____ Listed records

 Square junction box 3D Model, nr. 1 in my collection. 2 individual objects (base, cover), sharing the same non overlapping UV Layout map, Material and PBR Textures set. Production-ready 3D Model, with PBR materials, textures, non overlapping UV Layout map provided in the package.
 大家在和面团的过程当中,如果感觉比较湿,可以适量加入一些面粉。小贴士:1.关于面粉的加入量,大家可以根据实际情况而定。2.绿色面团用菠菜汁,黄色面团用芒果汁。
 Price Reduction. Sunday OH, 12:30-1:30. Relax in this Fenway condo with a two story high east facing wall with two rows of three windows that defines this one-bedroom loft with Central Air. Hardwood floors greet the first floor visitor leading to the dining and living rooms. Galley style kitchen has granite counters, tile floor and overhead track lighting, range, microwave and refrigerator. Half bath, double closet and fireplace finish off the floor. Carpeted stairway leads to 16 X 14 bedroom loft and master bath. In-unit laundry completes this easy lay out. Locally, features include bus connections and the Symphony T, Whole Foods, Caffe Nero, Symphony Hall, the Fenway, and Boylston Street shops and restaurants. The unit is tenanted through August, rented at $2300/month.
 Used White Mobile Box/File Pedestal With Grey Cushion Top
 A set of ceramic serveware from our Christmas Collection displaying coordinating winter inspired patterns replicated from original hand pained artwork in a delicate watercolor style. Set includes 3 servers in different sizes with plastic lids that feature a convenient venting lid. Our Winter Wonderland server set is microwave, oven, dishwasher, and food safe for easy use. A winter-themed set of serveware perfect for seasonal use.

________
____ Listed records

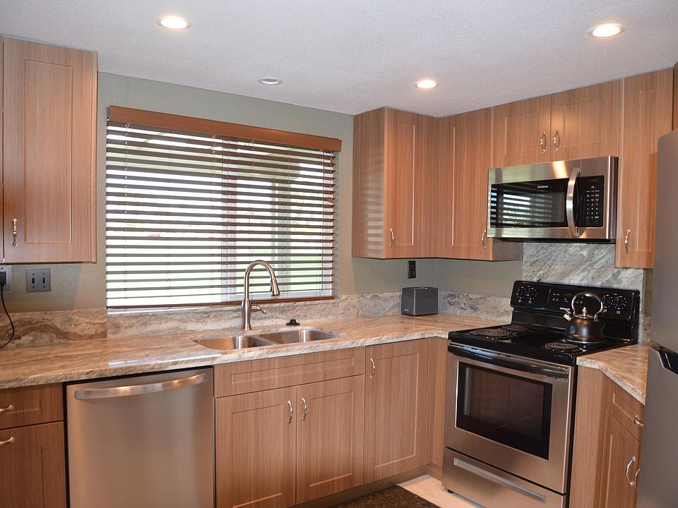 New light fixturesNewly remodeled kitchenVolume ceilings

________
____ Listed records

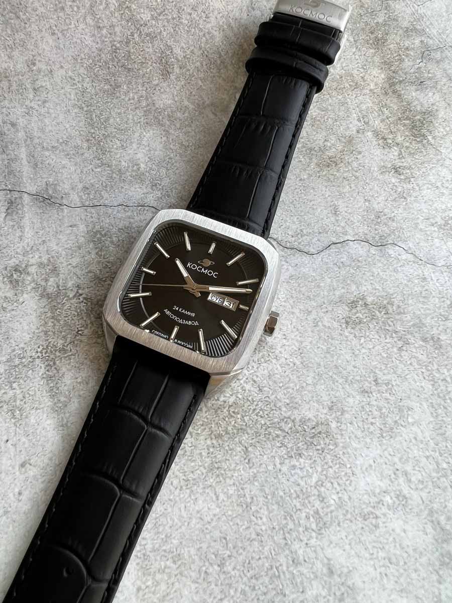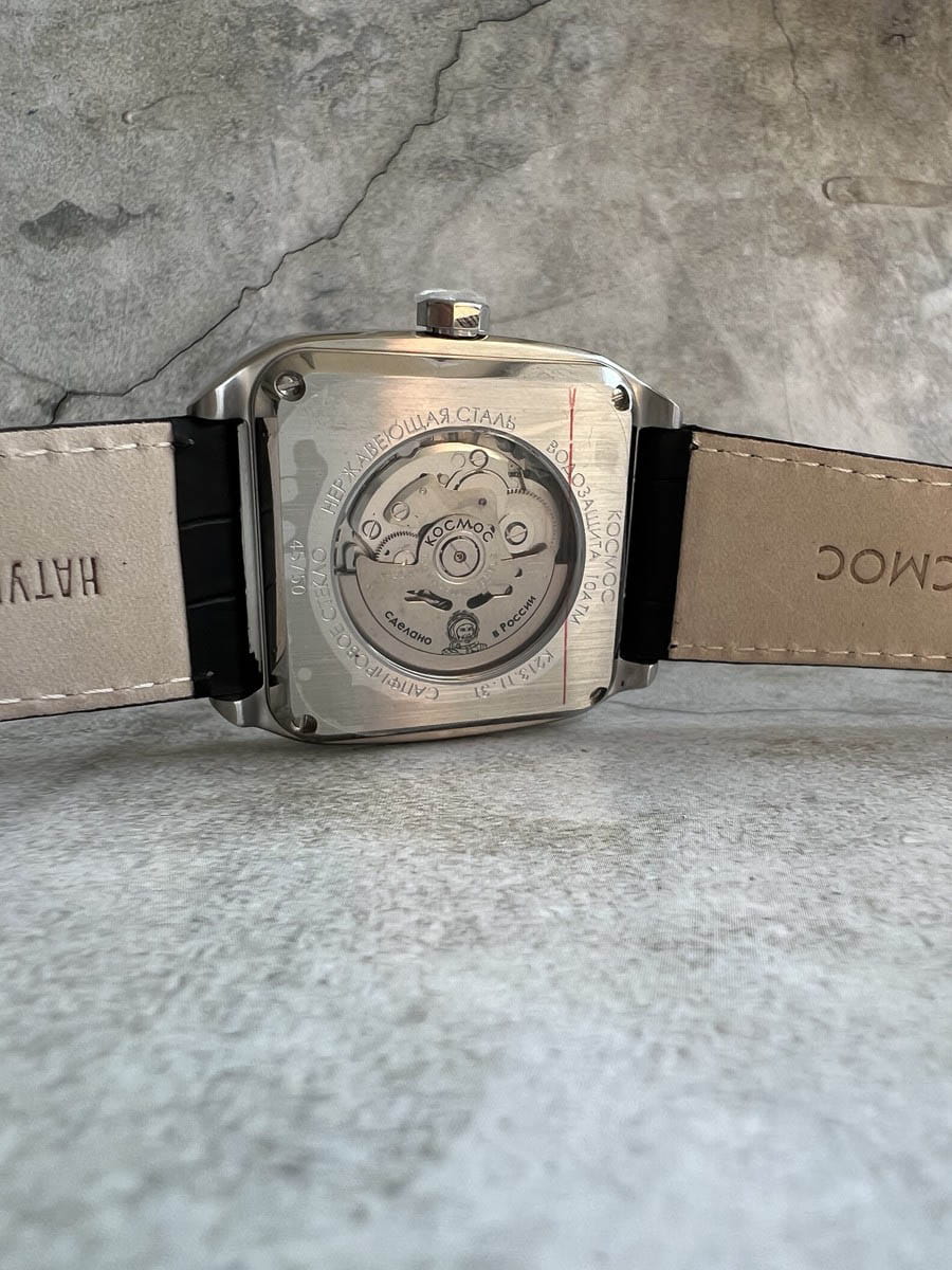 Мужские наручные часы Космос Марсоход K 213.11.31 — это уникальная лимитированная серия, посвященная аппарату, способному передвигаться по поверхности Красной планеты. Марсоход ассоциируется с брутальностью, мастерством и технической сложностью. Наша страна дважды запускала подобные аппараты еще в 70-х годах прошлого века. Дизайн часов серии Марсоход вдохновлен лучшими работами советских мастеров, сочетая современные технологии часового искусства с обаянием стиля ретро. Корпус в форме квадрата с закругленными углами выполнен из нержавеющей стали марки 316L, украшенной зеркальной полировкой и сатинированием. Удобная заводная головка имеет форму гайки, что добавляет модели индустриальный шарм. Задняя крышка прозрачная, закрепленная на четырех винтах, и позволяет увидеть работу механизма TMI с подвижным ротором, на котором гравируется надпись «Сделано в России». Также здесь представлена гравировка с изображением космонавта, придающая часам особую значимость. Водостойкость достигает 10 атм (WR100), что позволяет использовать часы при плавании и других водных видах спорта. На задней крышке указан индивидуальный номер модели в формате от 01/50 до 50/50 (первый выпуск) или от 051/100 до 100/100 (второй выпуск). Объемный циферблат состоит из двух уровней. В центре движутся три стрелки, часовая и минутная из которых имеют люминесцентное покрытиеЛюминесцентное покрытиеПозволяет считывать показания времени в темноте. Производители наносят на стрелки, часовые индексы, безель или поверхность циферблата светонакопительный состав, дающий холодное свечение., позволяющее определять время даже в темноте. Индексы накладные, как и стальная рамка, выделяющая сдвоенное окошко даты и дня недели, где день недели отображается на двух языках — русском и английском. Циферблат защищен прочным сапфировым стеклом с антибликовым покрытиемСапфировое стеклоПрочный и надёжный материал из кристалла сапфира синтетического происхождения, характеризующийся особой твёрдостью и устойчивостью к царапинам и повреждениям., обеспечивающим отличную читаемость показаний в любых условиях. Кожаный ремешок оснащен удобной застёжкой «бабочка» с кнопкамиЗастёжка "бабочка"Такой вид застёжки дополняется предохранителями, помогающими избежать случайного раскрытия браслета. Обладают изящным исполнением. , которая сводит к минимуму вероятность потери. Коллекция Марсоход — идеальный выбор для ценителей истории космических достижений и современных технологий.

________

**Work to be completed:**
Go to the line in the material above that contains "Square junction box" and copy exactly from there through the line that contains "大家在和面团的过程当中,如果", stopping after it.

**The answer:**
 Square junction box 3D Model, nr. 1 in my collection. 2 individual objects (base, cover), sharing the same non overlapping UV Layout map, Material and PBR Textures set. Production-ready 3D Model, with PBR materials, textures, non overlapping UV Layout map provided in the package.
 大家在和面团的过程当中,如果感觉比较湿,可以适量加入一些面粉。小贴士:1.关于面粉的加入量,大家可以根据实际情况而定。2.绿色面团用菠菜汁,黄色面团用芒果汁。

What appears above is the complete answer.